4 double KB squats. I hate squats, but that’s because I never knew how to do them right. Since I finally made them a regular part of my workouts, I’ve learned they’re one of the best strength-building exercises you can do for any reason. Learn squat form. Do them. Do a bunch without weight if you have to. But do them. They are, as long as you have no mitigating issues like hip socket problems or bad knees (my right hip is sometimes dicey, so I am very careful with squats), insanely good for you. This video is of Pat Flynn, another guy who’s staked out an online presence as a kettlebell-focused fitness authority.
I did the above five times through, for a total 40 swings and 20 of the other two exercises. It took 27 minutes. I rested for up to 2 minutes between sets.

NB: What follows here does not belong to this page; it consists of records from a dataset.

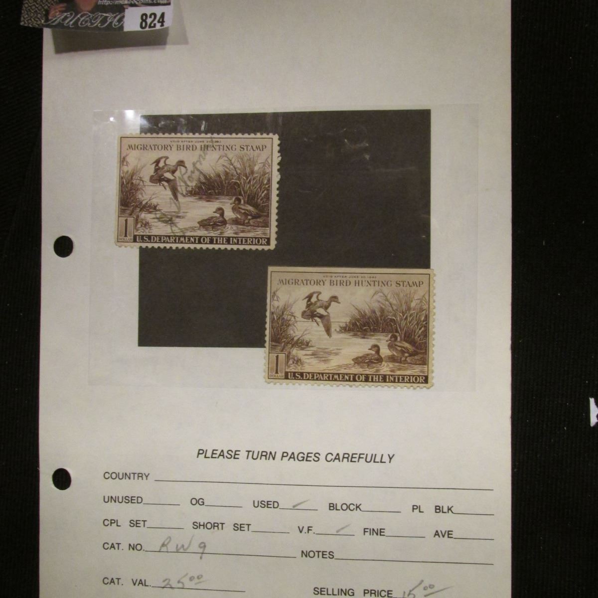 Pair of RW9 1942 U.S. Department of Agriculture Migratory Bird Stamps. One used & one without signature. VF.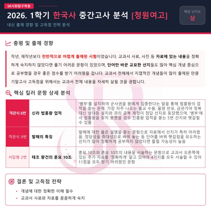 안녕하세요^^ SR사회탐구학원 입니다~~ 청원여고 1학기 중간고사 한국사 시험 분석 결과입니다~~ 1학기 기말대비 시간표 ⭐현재 수강신청 접수중 입니다!!⭐ SR의 수업은 항상 빨리 마감됩니다!! 수강문의나 상담은 학원카톡(SRsatam) 전화 02-930-8880 (내선 1번 과탐, 내선 2번 사탐) <img src="https://blogthumb.pstatic.net/MjAyNjA0MjNfMjEy/MDAxNzc2OTMwNTgwMjA2.hfUgNp3WEHpMZ6VDHAT0d4sFPpQxjakcbzZRu04GUV8g.578lPPZBAWL34v1RNsB8cE1gGt2OCU-8Z4YIMy2Y1EAg.JPEG/2026_1%C7%D0%B1%E2_%C1%DF%B0%A3%B0%ED%BB%E7_%BA%D0%BC%AE_%28%C3%BB%BF%F8%BF%A9%B0%ED%29_1.jpg?type=s3" />
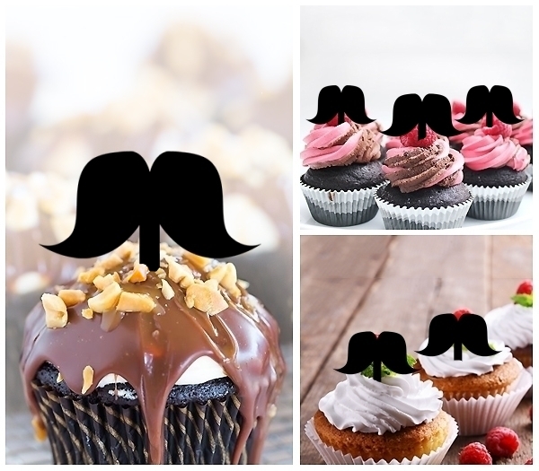 Mustache Cupcake 10 Toppers Laser Cut Acrylic for Wedding Birthday Baby Shower Bachelorette Engagement Party Decor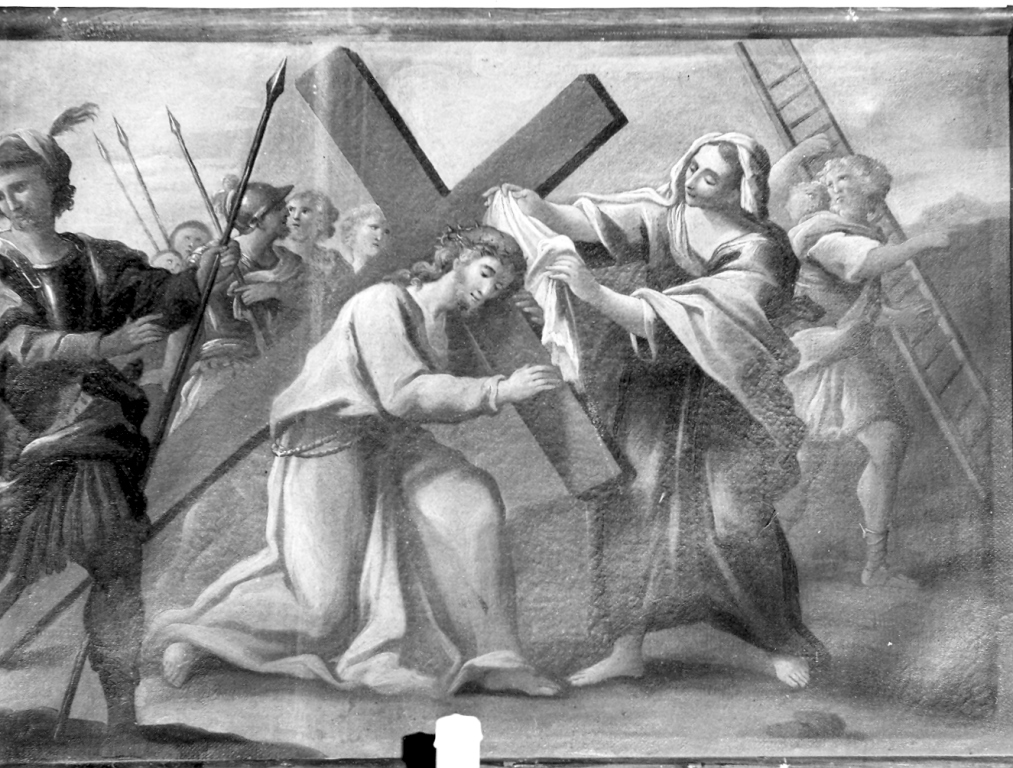 Personaggi: Gesù Cristo; Veronica. Figure: soldati; carnefici. Attributi: (Gesù Cristo) corona di spine. Attributi: (Veronica) panno. Oggetti: croce; lance; scala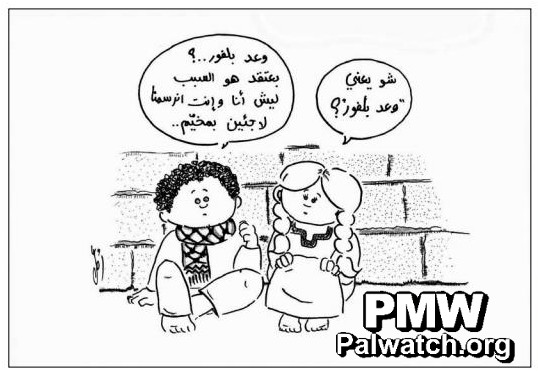 A cartoon showing a Palestinian boy and girl sitting next to each other is included in the article.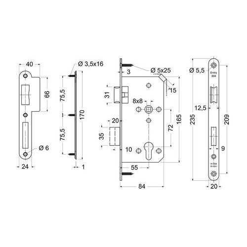 Zadlabací zámok s certifikátom na 500 000 cyklov otvorení, nerez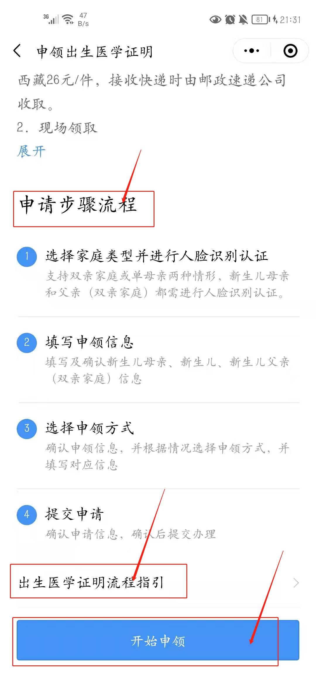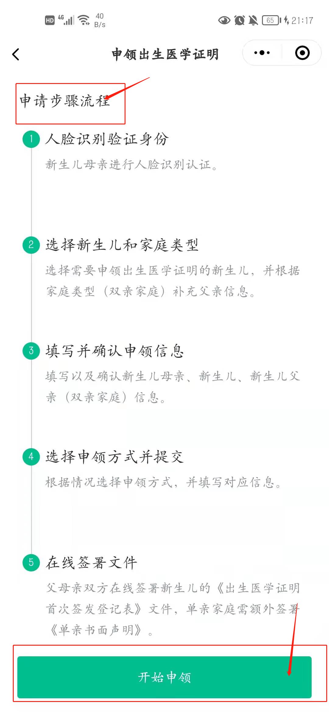 查看申领须知和步骤流程之后,可按照出生医学证明流程指引操作

If my kettlebell weights sound large, that’s only because the way kettlebells have been promoted to a general American audience is as a cardio aid, not so much a strength-building thing. The moment you start investigating online resources for kettlebell workout knowledge, you learn a five pound kettlebell is not a kettlebell, it’s a paperweight. Guys like Mike Mahler recommend women work with up to 35 lbs and 53 lbs is a good starting weight for a reasonably healthy man. Real humans, however, should consider starting with 20-25 for a woman and 25-35 for a guy, and maybe lay off some of the more complex, aerobicise-style shenanigans with the weight and aim for basic stuff like this.
Like I said, though, I’m no expert. It may be I’m just a lucky idiot that I haven’t had more than mild muscle strain since I started using them, and I’ve begun doing test workouts with a pair of 70-lb kettlebells, which I affectionately think of at the moment as my eventual death-in-waiting.